* **Description of the task**
Retype the records below from their first line through the line holding "Front | Back |", including both ends and no pictures.

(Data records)
------------
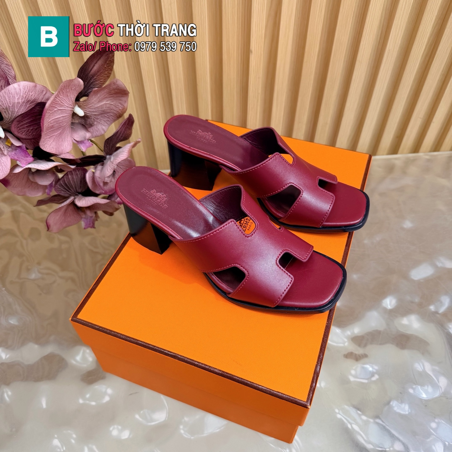 Dép HM chữ H cổ điển màu đỏ mận chất liệu da bò cao cấp đế 5cm
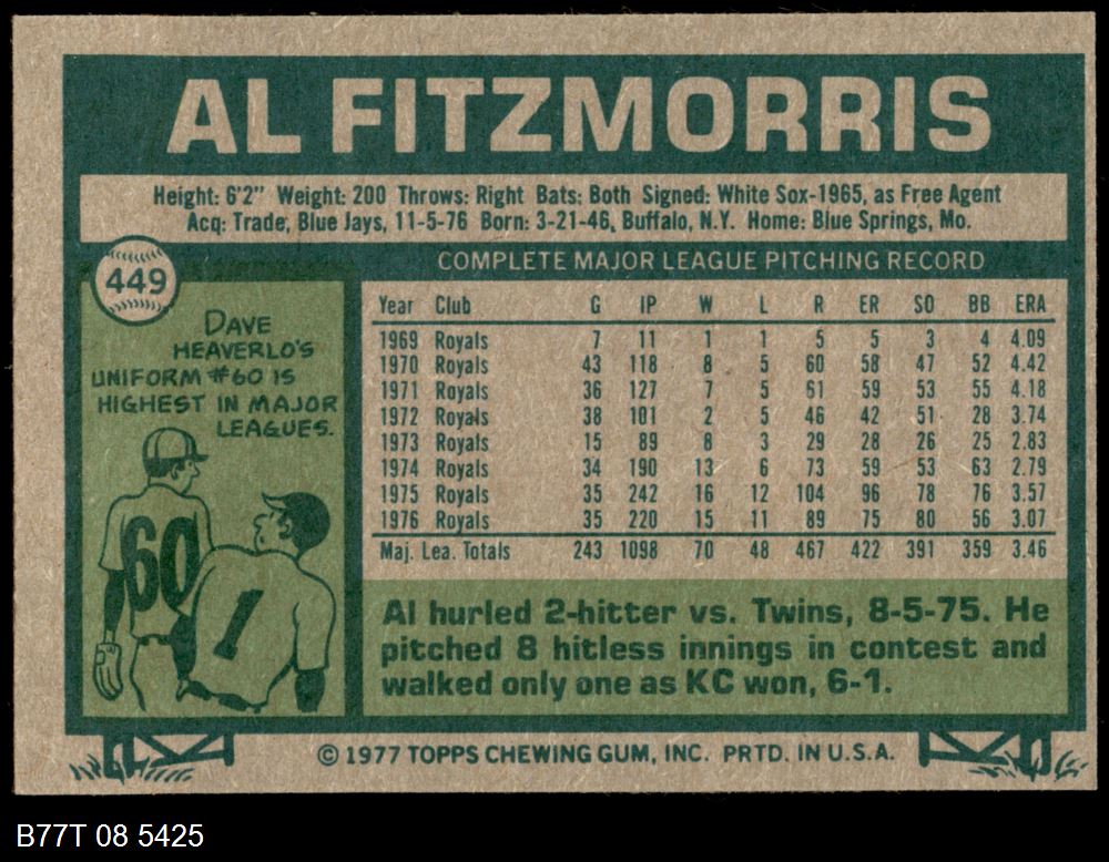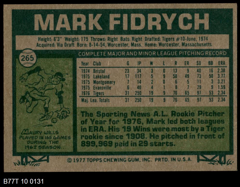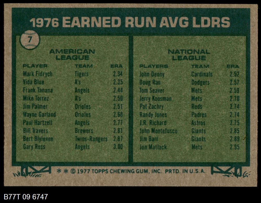 | 1977 Topps #7 - Mark Fidrych / John Denny ERA Leaders | 5 - EX | Front | Back |
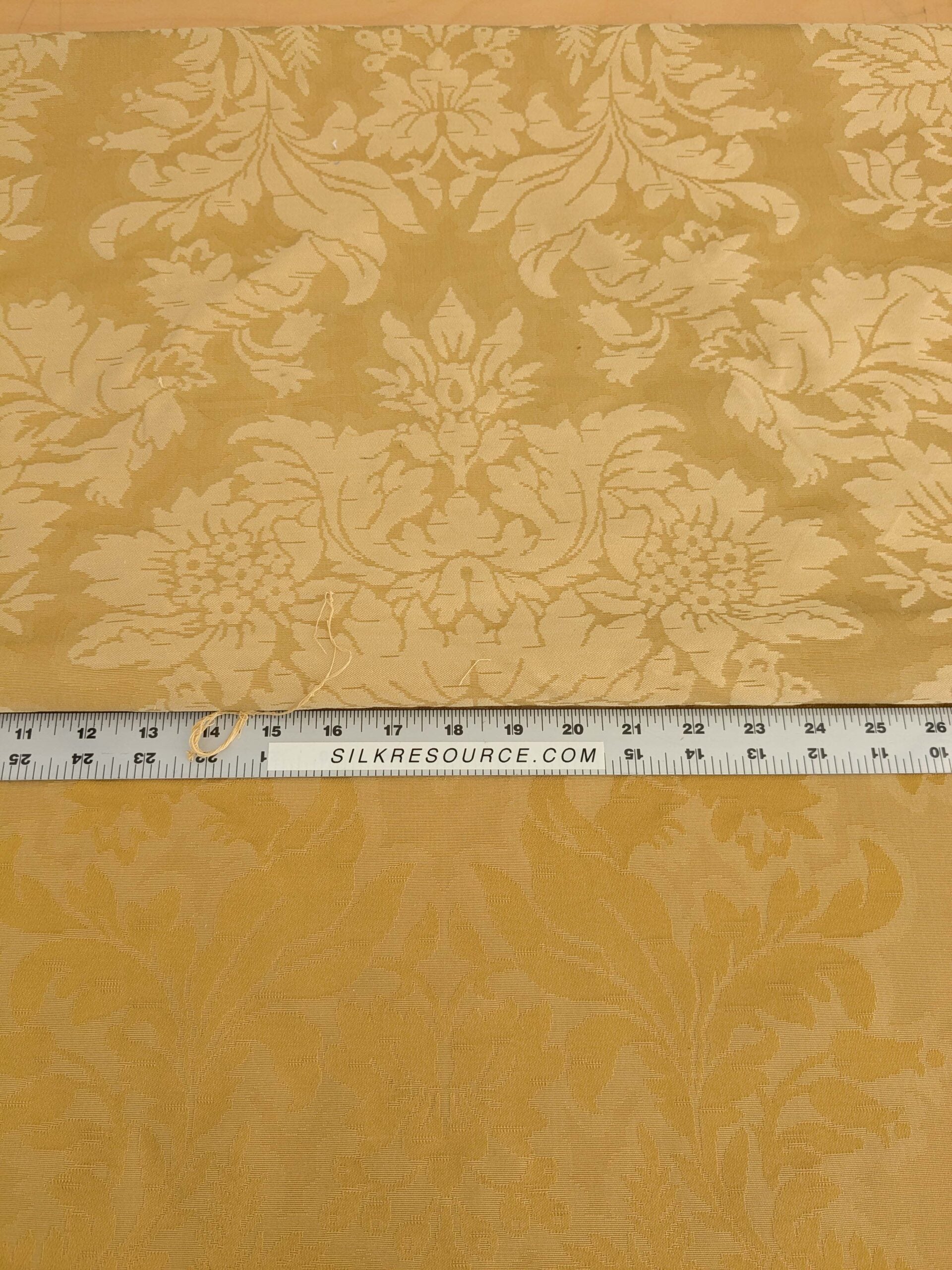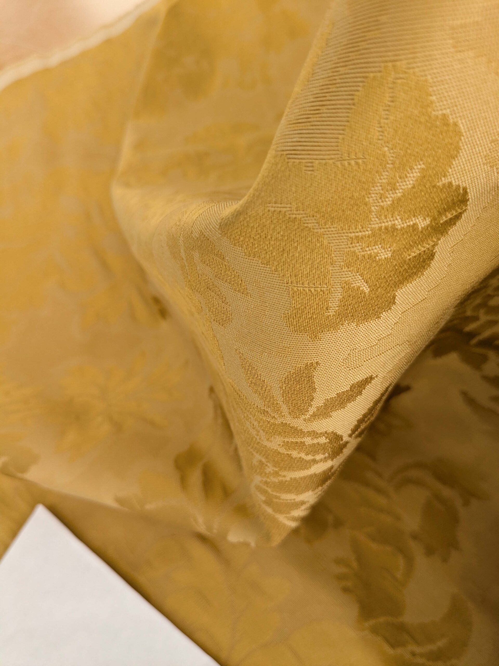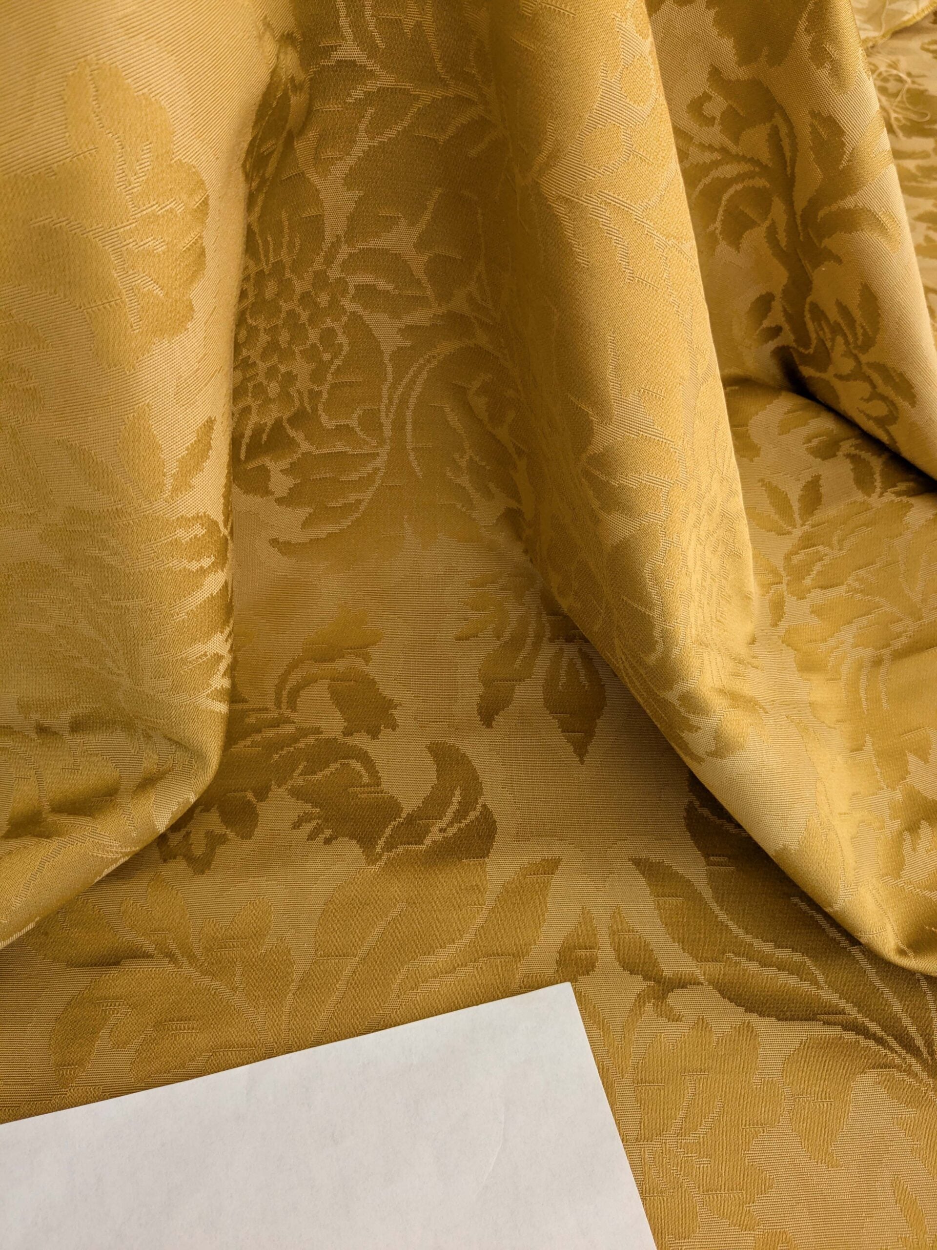 Please see yardage in title & photo. This radiant damask with extra width and silky hand will light up any room. Most likely a cotton or cotton and viscose blend, it features acanthus, rose and artichokes.
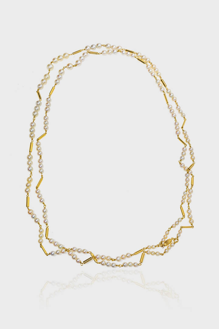 composta da due fili di perle giapponesi a scalare dal diam. di mm 4,8 a 9,5 ca, alternate a segmenti in oro giallo.
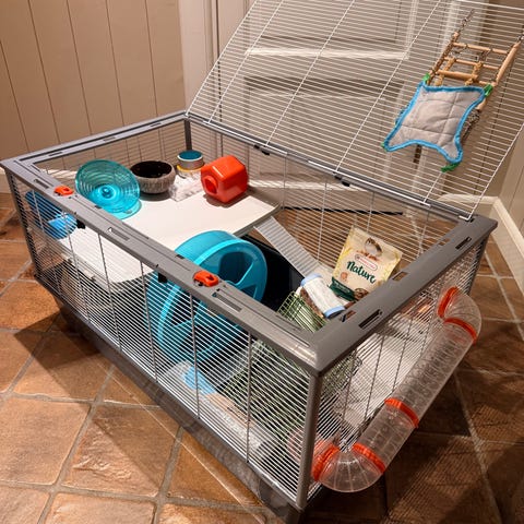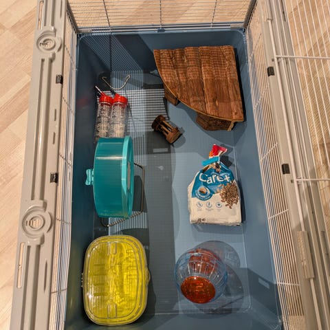 Hamsterbur med vannskål, matskål og løpehjul selges. Utstyret ble kjøpt August 2025 nytt og er brukt til ett hamster. Fremstår som helt nytt.
------------
* **Task result**
 Dép HM chữ H cổ điển màu đỏ mận chất liệu da bò cao cấp đế 5cm
 | 1977 Topps #7 - Mark Fidrych / John Denny ERA Leaders | 5 - EX | Front | Back |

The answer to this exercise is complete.